MATERIAL PROVIDED:
::::
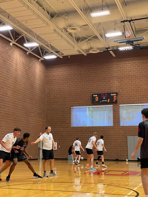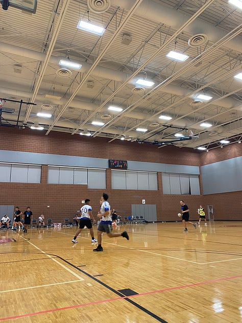 Deux semaines après ma blessure à la cheville, nous sommes partis pour un tournoi de handball dans l’état de l’Ohio, nous étions 18 à participer, l’équipe féminine et l’équipe masculine. Nous avions un programme dense : 8 matchs sur 1 journée. Je ne pouvais pas jouer malheureusement à cause de ma cheville, mais je suis tout de même venu afin d’encourager l’équipe.
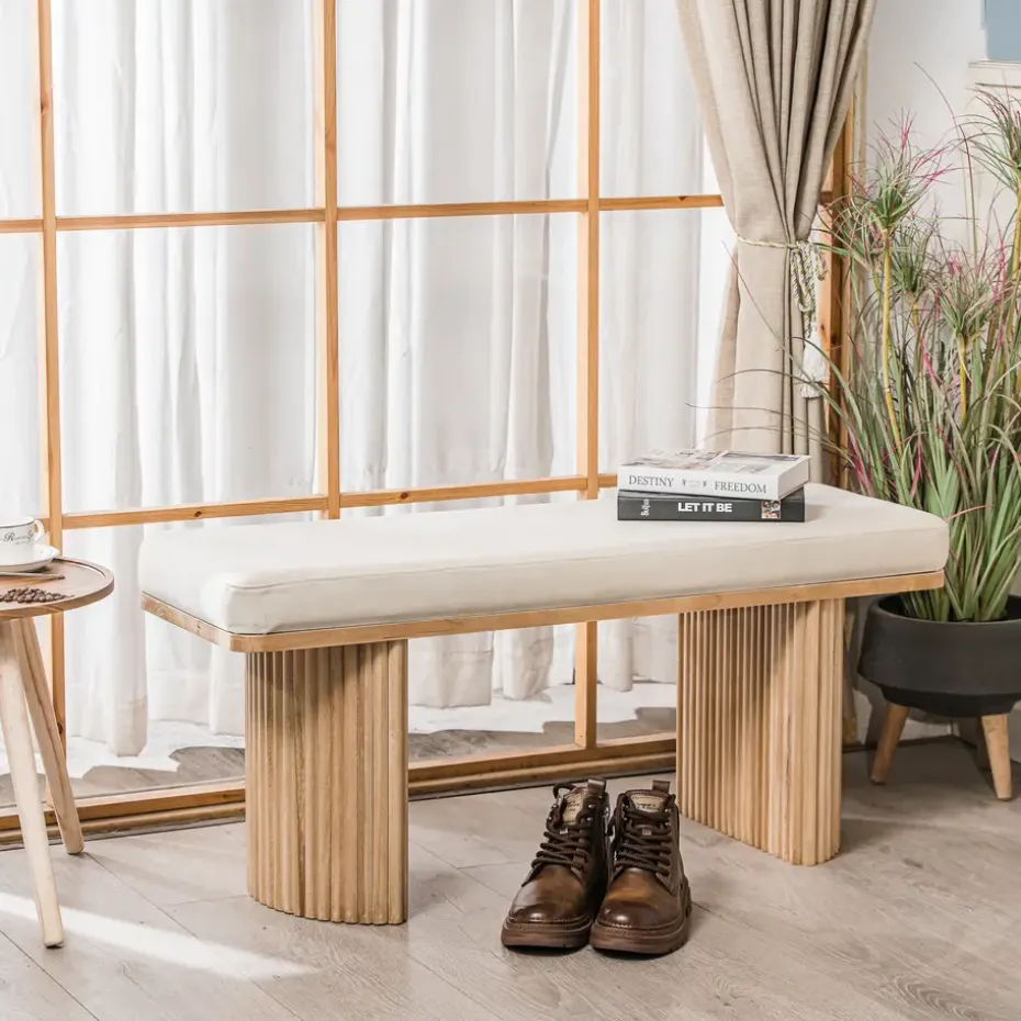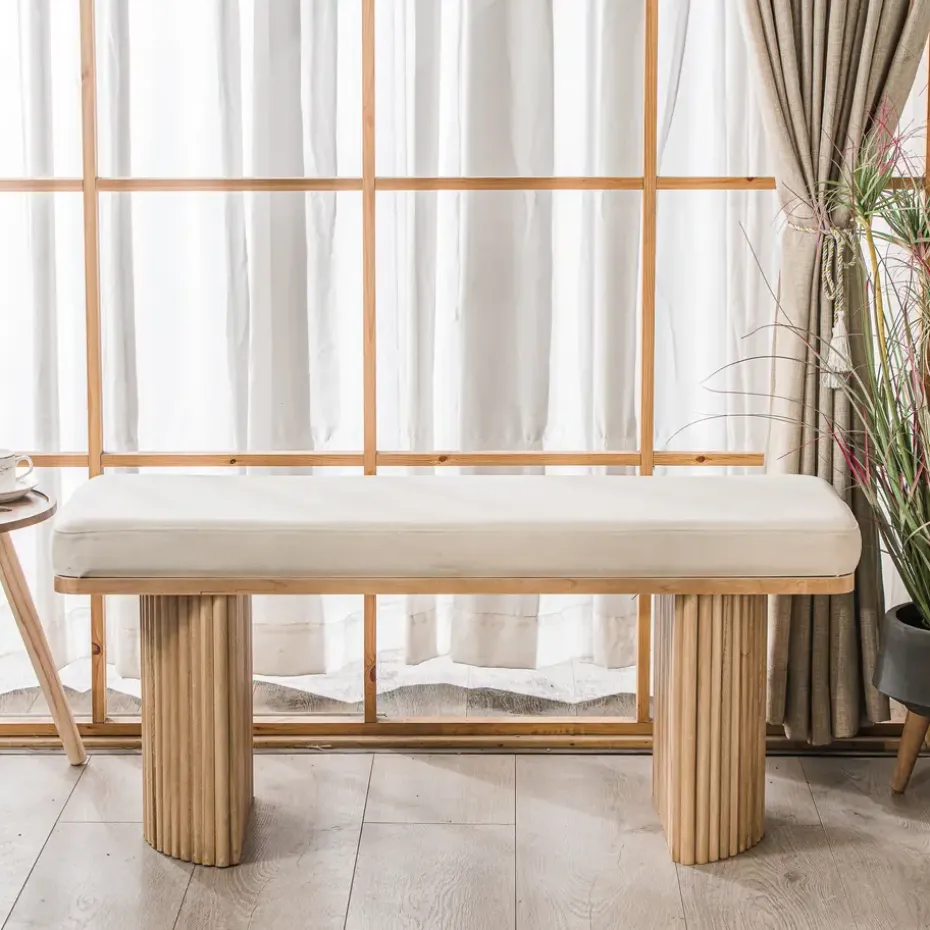 De Banc Entrée Chambre Scandinave Bois velours beige is een prachtige toevoeging aan uw interieur. Met zijn strakke Scandinavische design past hij perfect in elke kamer, of het nu de slaapkamer, kantoor, woonkamer of entree is. De ronde zitting van massief hout biedt een hoog comfort. De stevige structuur van gecertificeerd FSC essenhout zorgt voor stabiliteit en duurzaamheid. Dit product is gemakkelijk te onderhouden, een vochtige doek is voldoende om het schoon te maken.
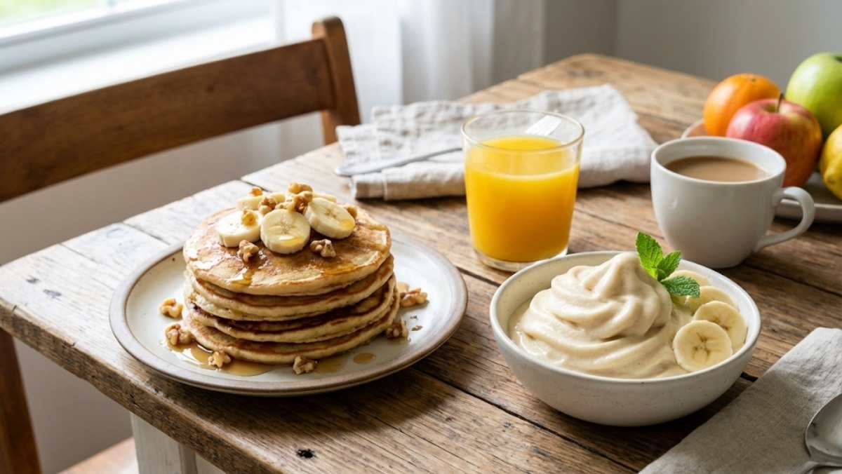 바나나 1개와 계란 2알을 섞어 프라이팬에 굽는 방식이다. 탄수화물 섭취를 극도로 제한하는 키토제닉 식단이나 저탄고지 식단에서 훌륭한 팬케이크 대안이 된다. 바나나의 칼륨 성분은 운동 전 근육의 수축과 이완을 돕는다.
::::
TASK: Nothing should appear in the reply except the lines from the start of the listing above through the line with "De Banc Entrée", repeated exactly and free of pictures.

TASK RESULT:
 Deux semaines après ma blessure à la cheville, nous sommes partis pour un tournoi de handball dans l’état de l’Ohio, nous étions 18 à participer, l’équipe féminine et l’équipe masculine. Nous avions un programme dense : 8 matchs sur 1 journée. Je ne pouvais pas jouer malheureusement à cause de ma cheville, mais je suis tout de même venu afin d’encourager l’équipe.
 De Banc Entrée Chambre Scandinave Bois velours beige is een prachtige toevoeging aan uw interieur. Met zijn strakke Scandinavische design past hij perfect in elke kamer, of het nu de slaapkamer, kantoor, woonkamer of entree is. De ronde zitting van massief hout biedt een hoog comfort. De stevige structuur van gecertificeerd FSC essenhout zorgt voor stabiliteit en duurzaamheid. Dit product is gemakkelijk te onderhouden, een vochtige doek is voldoende om het schoon te maken.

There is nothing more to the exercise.